Sustainable Leadership
I attended a sustainable leadership panel, and learned a few exercises for evaluating how and where to seem improvement.
- Write down: What gets in your way?
- Think about: Striking balance
- Communication Channels vs Communication Needs – You can publish newsletters, post to social media, get into the newspaper, etc and certain types of members will respond to each differently
- Established vs New members – Established members can make joining intimidating, but usually they also are seeking the involvement on new members.
- Good leaders vs accountable volunteers – Volunteers struggle with ambiguity and lack of mentoring; mentors struggle with seemingly unreliable volunteers
- Write down: love/hate/meh (in the context of civic engagement)

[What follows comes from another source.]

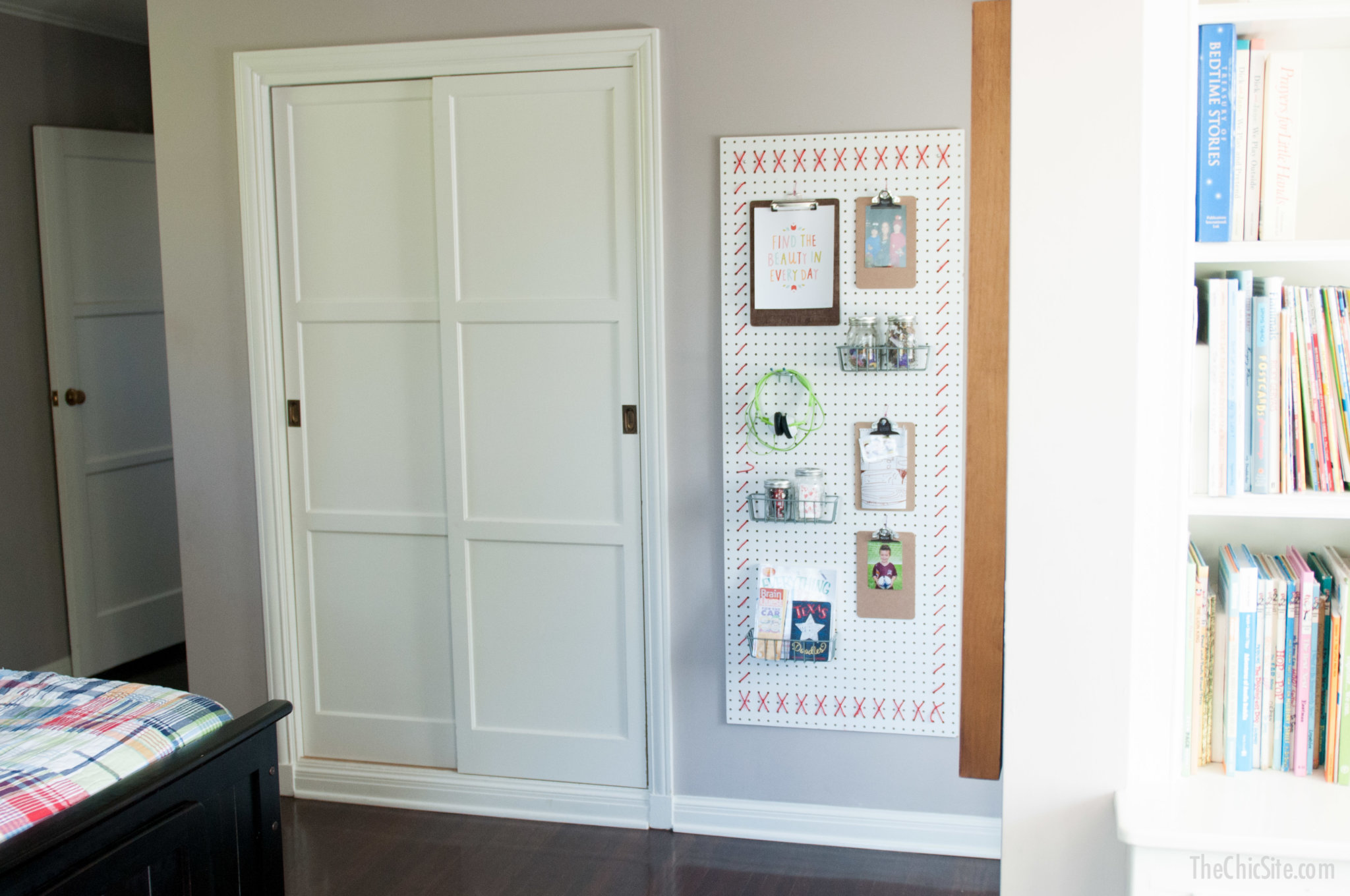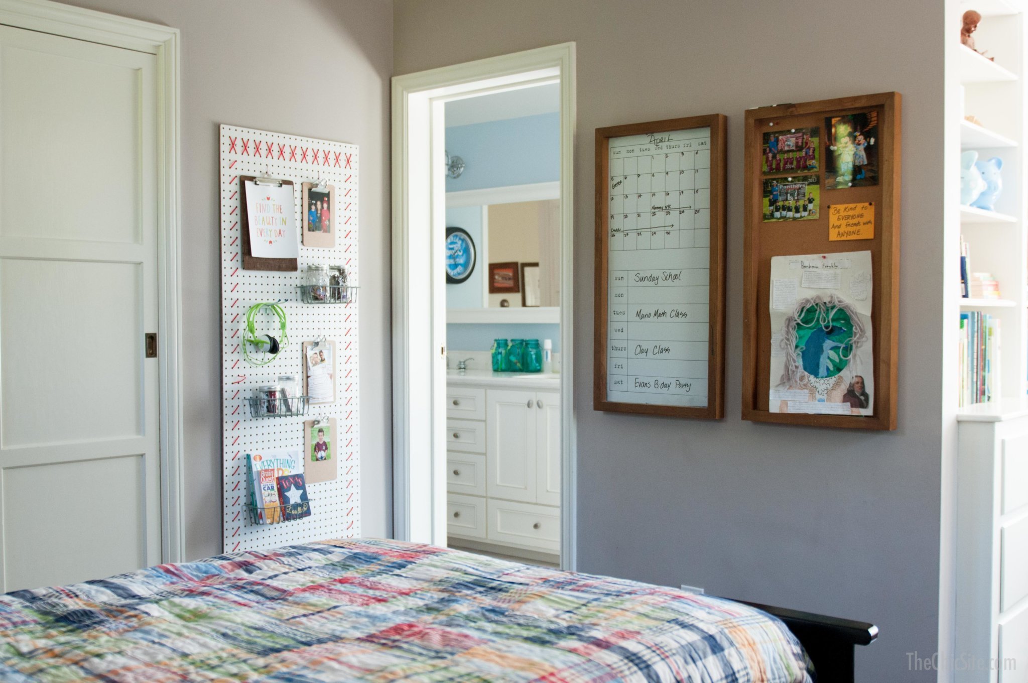 The Peg Board Wall art is a really cool way to organize and decorate a boys bedroom and you can find out how I made it in this post.
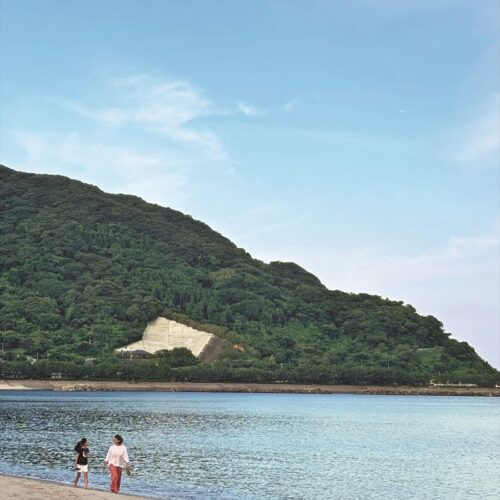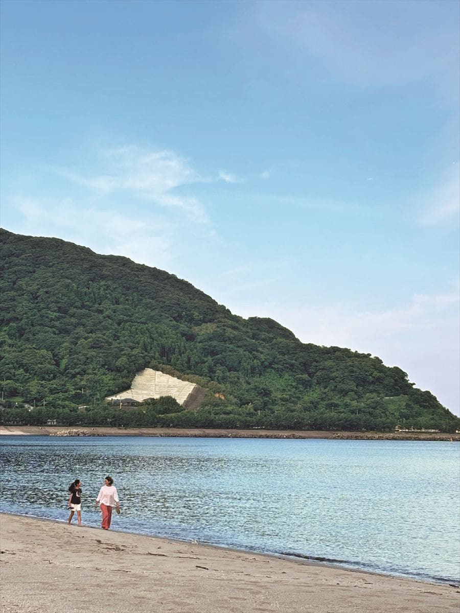 手打海岸は澤さん親子の散歩コース。波の音を聞き、海に触れると心が落ち着くのだそう。

- Write down: what do you think success is?
- Write down: what would have to change to be successful? (Especially what new skills are needed.)
Network Night Format
Many Neighborhood Association meetings have been bastardized into dry presentations devoid of interaction and frankly, devoid of anything neighborly. The “Network Night” format was a fun seeming alternative, that goes like this:
- Welcome: Good food and music while people enter, get settled, greet and chat with each other.
- New and Good: People are brought into a circle to share name and something new or good that has happened in their life in the past few weeks, giving everyone the opportunity to speak or pass. (Max 30 seconds per person)
- Table Talk: 20-25 minute small group conversations. Individual participants are invited to propose conversation topics that they want to have and would agree to host. 3-4 of these are selected and participants choose which conversation to participate in.
- Marketplace: Convened back together in a circle, participants bid for time to make specific offers and requests of skills, talents, capacity, advice and stuff.
- Bump and Spark: Fun energetic ending as people are invited to close the deal on any new matches or connections they made, and to help clean up the space.